Canthoplasty cost in Ho Chi Minh City ranges from about 8,000,000 to 22,000,000 VND (roughly $320–$870) for a single procedure in 2026. Medial epicanthoplasty sits at the lower end, lateral canthoplasty in the mid-range, and a combined inner-and-outer correction at the top. This guide breaks down each technique, the real price drivers, and how to read a quote before you commit.

What is canthoplasty?
Canthoplasty is a minor surgical procedure that reshapes the corner of the eye to widen the eye horizontally. Most East Asian eyes carry an epicanthic fold – a small web of skin at the inner corner that covers part of the tear duct, shortens the eye, and makes the two eyes look further apart. Canthoplasty releases or repositions that structure so the eye opening looks longer and more defined.
The surgery is done on the soft tissue at the corner, not on the eyeball itself. A surgeon makes a fine incision, removes or repositions the excess skin and muscle band, then secures the new corner shape with delicate cosmetic sutures. The whole procedure usually takes 30–45 minutes under local anesthesia.
People typically consider canthoplasty for one of three reasons:
- Eyes that look short or small along the horizontal axis.
- A wide gap between the eyes caused by a prominent epicanthic fold.
- A downturned or “sleepy” eye tail they want lifted or extended.

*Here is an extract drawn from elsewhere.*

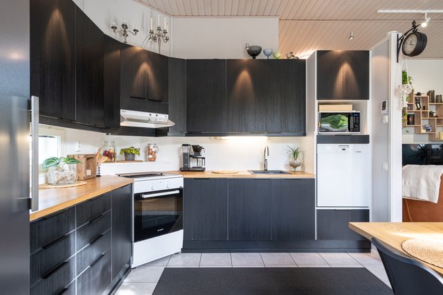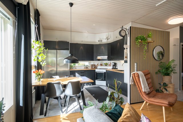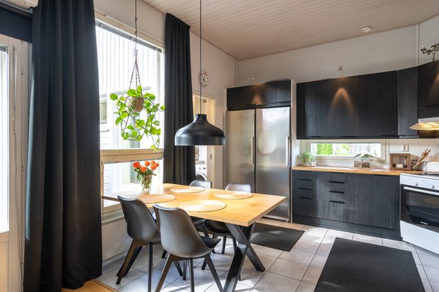 - Lattia laattaa, seinät maalattu. Keittiön kaapistot mustat, työtasot puuta, välitilassa valkoinen laatta. Jääkaappi (2023), pakastin (2023), astianpesukone (2016), induktioliesi (2018), liesituuletin. Tilassa lattialämmitys. Kaapistojen ovet vaihdettu sekä hana uusittu 2024, työtasot sekä pesuallas 2025.

The three canthoplasty techniques: medial, lateral, and combined
Canthoplasty is not a single operation. It splits into three approaches based on which corner is corrected, and the right one depends entirely on your anatomy.
1. Medial canthoplasty
Medial canthoplasty (epicanthoplasty) works on the inner corner near the nose. The surgeon removes the epicanthic fold and the small muscle band beneath it, then redirects the tear-duct line to lengthen the eye toward the center of the face. This is the most common eye-corner procedure in Vietnam because the epicanthic fold is so prevalent in Asian eyes.
Key benefits: A longer eye, better balance between the two eyes, a brighter exposed inner corner, and a natural look that fits Asian facial structure. This technique is especially effective for individuals with a prominent epicanthal fold or eyes set wider apart than average.
2. Lateral canthoplasty
Lateral canthoplasty works on the outer corner toward the temple. It extends the eye tail outward to widen the eye, and for mildly upturned eyes the surgeon can lower the outer corner so it sits level with – or slightly below – the eye’s horizontal axis. The result is a longer, calmer, more balanced eye shape, with more of the white of the eye visible.
Key benefits: A lengthened eye tail that harmonizes with the brows and nose bridge, a good fit for short eyes or downturned outer corners, a long-lasting effect, and limited tissue disruption. Surgeons often recommend it for clients who want more eye length without altering the inner corner.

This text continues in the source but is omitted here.